Elsevier

Clinical Nutrition ESPEN

Volume 42, April 2021, Pages 22-31
Clinical Nutrition ESPEN

Meta-analysis
Dietary glycemic index, glycemic load, insulin index, insulin load and risk of diabetes-related cancers: A systematic review of cohort studies

https://doi.org/10.1016/j.clnesp.2021.02.008Get rights and content

Summary

Background & aims

It is believed that diets high in glycemic index (GI), glycemic load (GL), Insulin index (II), and Insulin load (IL) are associated with the increased risks of certain cancers through increasing serum glucose or insulin levels.

Methods

We conducted this systematic review of cohort studies to evaluate the possible relation between GI, GL, II, and IL with diabetes-related cancers, including colorectal, bladder, breast, endometrium, liver, pancreas, and prostate cancers. Two separate investigators conducted a literature search through PubMed/Medline, Scopus, and Web of Science databases up to February 2020, plus reference lists of relevant articles.

Results

Fifty-three cohort studies with a total of 100 098 cancer cases were included in this systematic review. Fifteen out of eighteen studies among breast cancer cases reported no significant association between GI/GL and cancer risk. These numbers were 4 out of 13 for colorectal cancer, 7 out of 9 for endometrial cancer, 2 out of 3 for liver cancer, 8 out of 10 for pancreatic cancer, and 3 out of 3 for prostate cancer. Only one cohort investigated this association in terms of bladder cancer and reported a significant association. Also, five studies reported this relation in terms of II/IL, and only one cohort among endometrial cancer patients observed a significant positive association between the risk of cancer and IL.

Conclusion

We concluded a weak association between dietary GI/GL and no association between II/IL with diabetes-related cancer risk. More cohort studies are required to be performed regarding II/IL and the risk of cancer.

Introduction

Diabetes and cancer are among the most prevalent diseases worldwide, with cancer being the second and diabetes being the twelfth leading cause of death [1,2]. Based on a large body of epidemiological evidence, diabetic patients are at a greater risk of heterogeneous cancer types including liver, pancreas, colorectal, breast, endometrial, and bladder cancers [3]. However, diabetes may act as a protective factor for prostate cancer [4]. The underlying mechanism for this association is not yet well-understood, but it appears that hyperinsulinemia and insulin resistance, hyperglycemia, and chronic inflammation existing in diabetes provide the opportunity for the cancer cells to proliferate [5,6]. It is also notable that these two diseases share many of the same risk factors, including age, sex, obesity, physical activity, diet, alcohol, and smoking [7].

Food intake has been strongly linked with chronic diseases such as diabetes and cancer, not only regarding the volume of food but also the composition and quality of diet [8,9]. The Glycemic Index (GI) reflects how the carbohydrate content of each food affects blood glucose levels. Glycemic load (GL) reflects the effect of total dietary carbohydrate on postprandial glucose [9]. However, since carbohydrates were not the only stimulus for insulin secretion, dietary insulin index (II) and insulin load (IL) were introduced [10]. II represents the postprandial insulin response to a food consisting of carbohydrates, protein, and fat, compared to an isoenergetic portion of a reference food (glucose or white bread).
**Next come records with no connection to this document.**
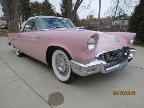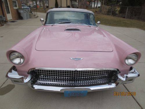 For sale is a 1957 Thunderbird in excellent shape.It has been stored indoors for many years and rarely driven.The exterior is in great condition. It does not have any rust or serious cosmetic issues on the outside of the body. The Dusk Rose paint is in good condition with a few minor paint flaws but overall great with a nice shine. Body straight & smooth w/ no noticeable flaws other than some gaps between body panels. It also includes a black porthole hardtop although one of the latches needs to be attached and the weather stripping could be replaced. Chrome and trim look are in very good condition as well. Convertible top is in good condition and the weather stripping is a bit worn.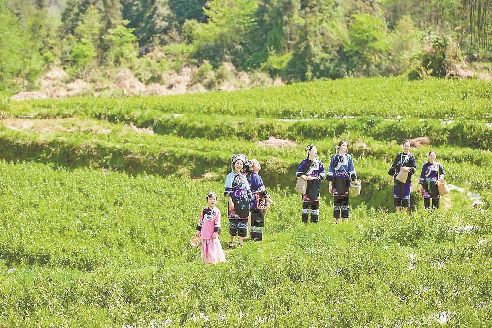 踏上乡村振兴新征程,石栏镇积极探索“非遗+农业+旅游”融合发展之路。在全国人大代表、返乡创业能人石佳的带动下,绣娘们开荒种茶,在石栏镇油麻村开辟出“七绣姑娘的茶山”。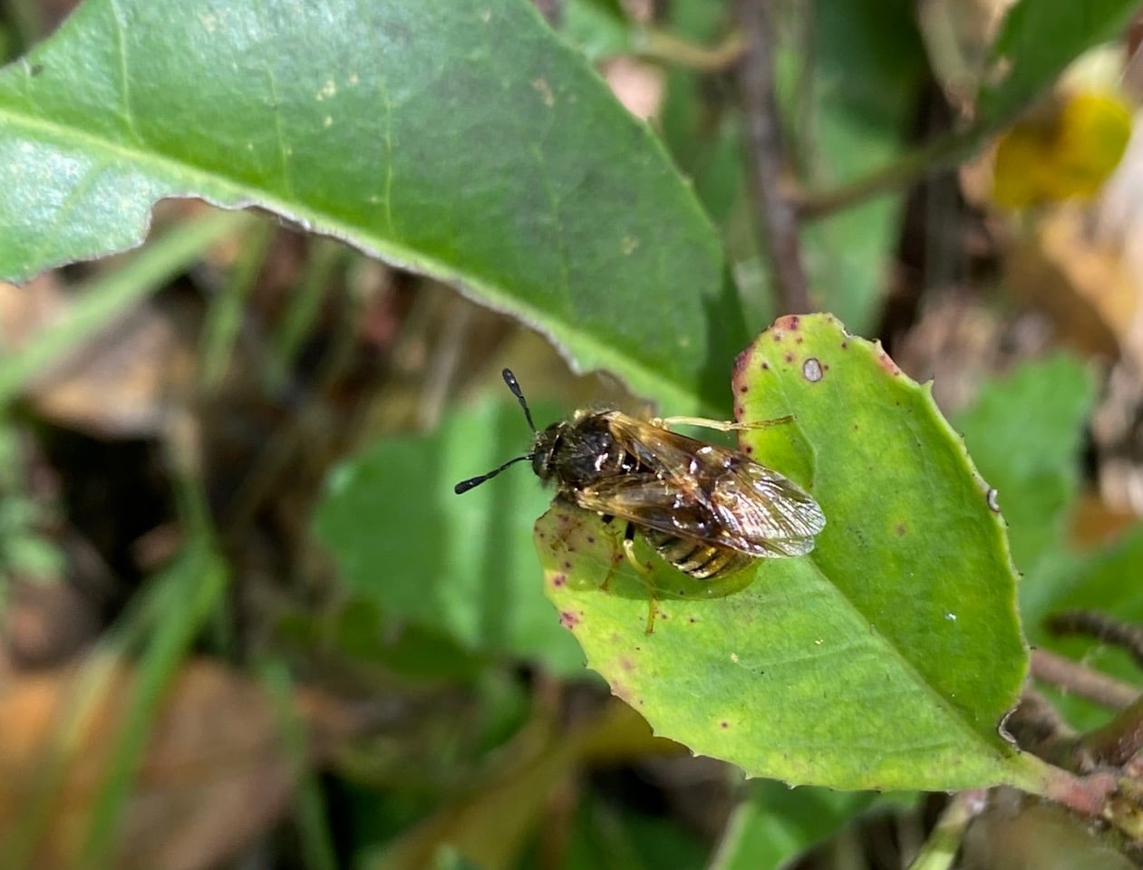 iNaturalist comes up very quickly with an ID – the insect is a Clubhorn Sawfly, Abia americana (family Cimbicidae). Wow, a second Sawfly today, in a different family!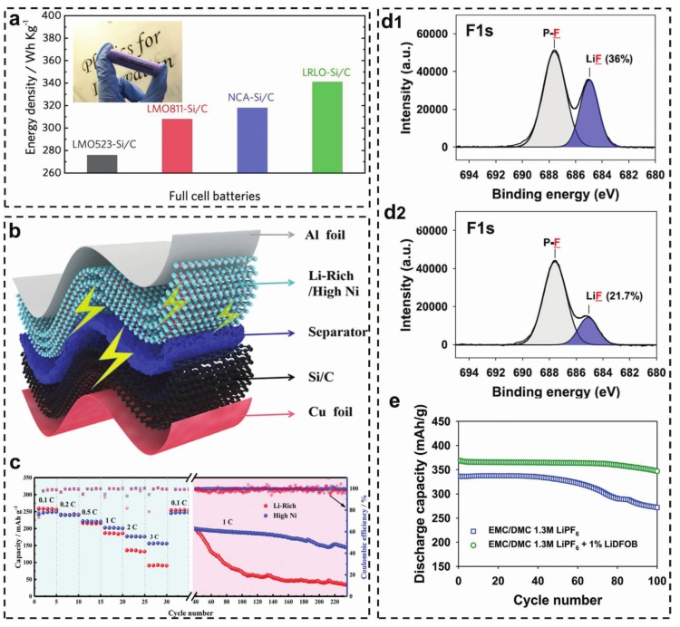 圖20.a)18650正極材料電池的能量密度;b,c)富鋰LRM/Si/C全電池制造示意圖及其速率容量。d1)不添加LiDFOB預循環(huán)后富鋰正極的F 1s XPS譜;d2)添加LiDFOB后富鋰正極的F 1s XPS譜;e)無電解液,含/不含1%的LiDFOB放電容量保持在C/2超過100次的循環(huán)曲線。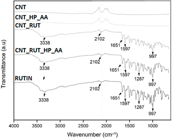 Fourier transform infrared spectroscopy spectra of CNT, CNT_HP_AA, CNT_RUT, CNT_RUT_HP_AA, and RUTIN.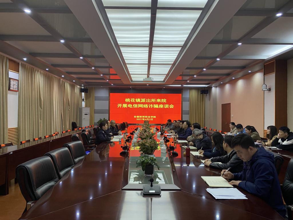 4月2日下午,辖区桃花派出所来院调研防范电信网络诈骗工作。学院领导何翔、胡戴新,桃花派出所教导员许彪、副所长童广立,学生处、总务处、二级学院党总支书记及有关人员参加会议。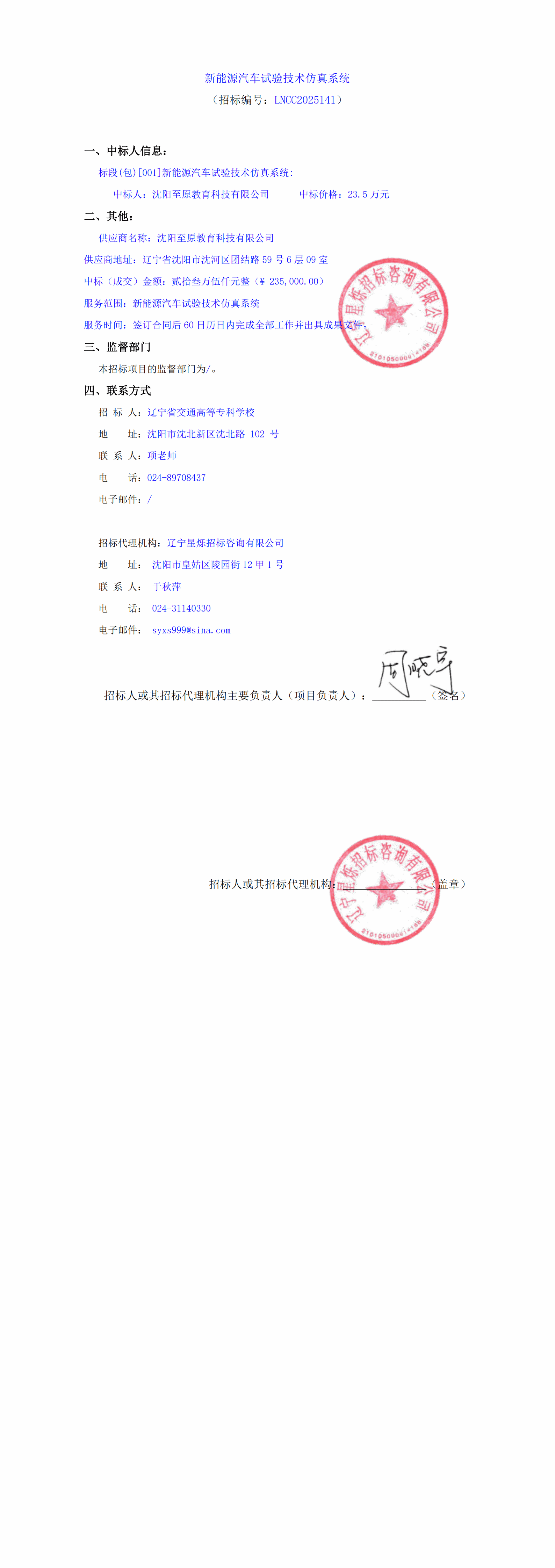 新能源汽车试验技术仿真系统结果公告(LNCC2025141)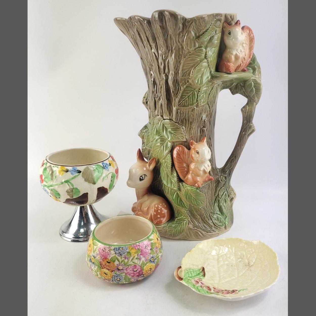 WITHERENSEA Fauna water jug 28cm tall and in lovely undamaged condition. With three other decorative ceramic pieces.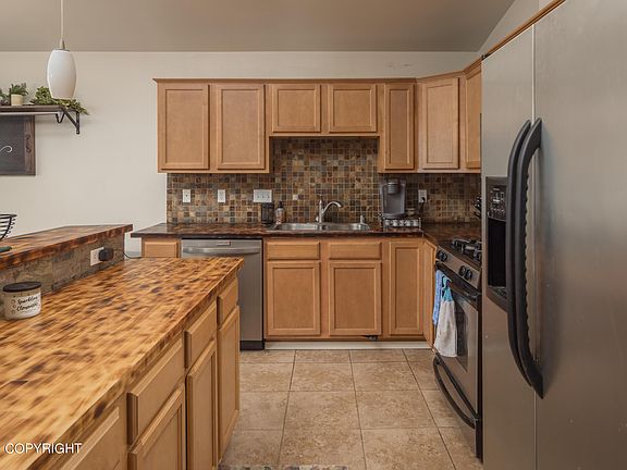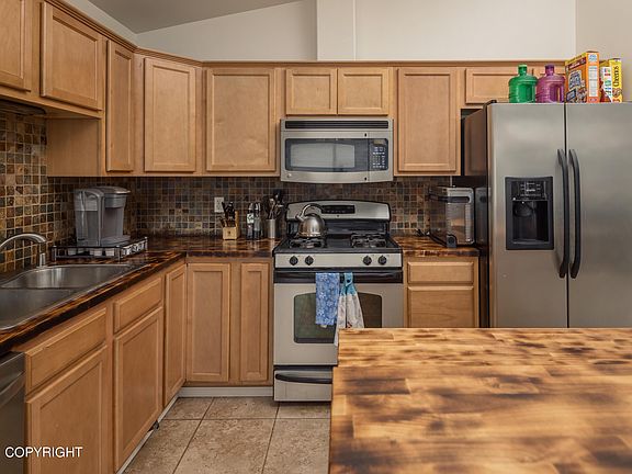 This cute condo is set close to everything. Shopping is right across the highway in Tikatnu Plaza, very close commute to JBER, UAA, Med district. This 3 bed/2.5 Bath condo features 2 bedrooms and a bathroom downstairs and the MBR upstairs. The kitchen and living room offer an open floor plan with a lot of space for entertaining. The kitchen boasts butcher block countertops. Come see today!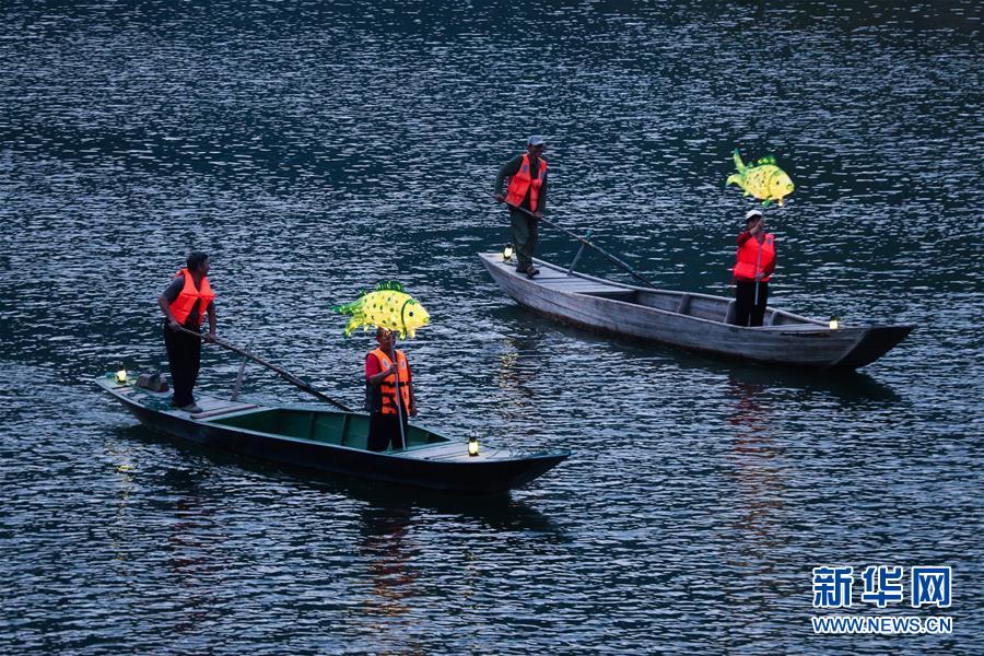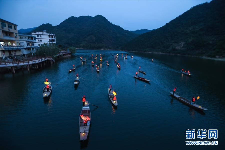 9月25日,在宋村鄉(xiāng)云源港的水面上,漁民劃著漁船,船頭點(diǎn)亮漁燈,構(gòu)成一幅“漁舟唱晚、萬家燈火”的美麗圖景(無人機(jī)拍攝)。 近年來,浙江省杭州市淳安縣宋村鄉(xiāng)積極發(fā)展鄉(xiāng)村旅游,打造漁家元素特色景觀,助力鄉(xiāng)村振興建設(shè)。目前,宋村鄉(xiāng)依托山水景觀和漁家文化,帶動(dòng)了當(dāng)?shù)鼐访袼藓图碁╂宜?、自助燒烤、農(nóng)事體驗(yàn)、民俗攝影采風(fēng)為一體的特色旅游發(fā)展。2019年1月初至7月底,全鄉(xiāng)接待游客10萬人次,實(shí)現(xiàn)旅游經(jīng)濟(jì)收入1300萬元。 新華社記者 徐昱 攝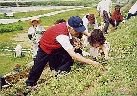 平成14年結成。季節ごとの花の栽培を行うほか、堤防の雑草を堆肥として活用したり、太陽光発電などを行うことにより自然環境保全の重要性を市民にアピールしています。

IL is calculated by multiplying the DII of each food by its energy content and the consumption frequency [11]. In other words, GI and II show the quantity, and GL and IL represent the quality of the diet.

High dietary GI, GL, II, and IL are equal to increased serum insulin and insulin-like growth factor 1 (IGF-1) [12]. Insulin can stimulate cell proliferation and inhibit cell apoptosis [13]. IGF-1 can also exert mitogenic effects and inhibit apoptosis through multiple cell pathways and regulate gene expression [14]. Insulin and IGF-1 can also stimulate the secretion of leptin from adipose tissue, and since leptin is involved in cell growth and proliferation, insulin can indirectly promote cancer cell growth and proliferation [15].

Evidence from systematic reviews and meta-analysis showed that there exists an association between high GI and GL and risk of endometrial, breast, and prostate cancer [[16], [17], [18]], while no association was found between GI and GL and colorectal cancer risk [19]. To the best of our knowledge, no systematic review has investigated the association of II and IL with the risk of cancer. Therefore, we aimed to assess whether dietary GI, GL, II, and IL could affect the risk of diabetes-related cancers. The most similar study to the present research is the meta-analysis by Choi et al. [1]; nevertheless, since II and IL had not been assessed and more than 8 years has passed from the publication of the mentioned study, we decided to perform this study as a more comprehensive update to that of Choi et al.

Section snippets

Materials and methods

According to the Preferred Reporting Items for Systematic Reviews and Meta-Analyses (PRISMA) statement, this systematic review was conducted. The review question was whether or not dietary GI, GL, II, and IL are associated with diabetes-related cancers (endometrial, breast, colorectal, liver, pancreas, bladder, and prostate cancer). The protocol of this study was made visible through the website of www.researchgate.net (//www.researchgate.net/publication/346470937_The_protocol_of_a_systematic_review_A_Systematic_Review_of_The_Association_between_Glycemic_and_Insulin_index_and_load_on_diabetes_related_cancers

The overall risk of diabetes-related cancers

In this paper, we hypothesized that a high GI/GL/II/IL diet characterized by a high intake of rapidly absorbable macronutrients from mixed diets is associated with the risk of cancers related to diabetes, including liver, pancreas, colorectal, breast, endometrial, prostate and bladder cancers.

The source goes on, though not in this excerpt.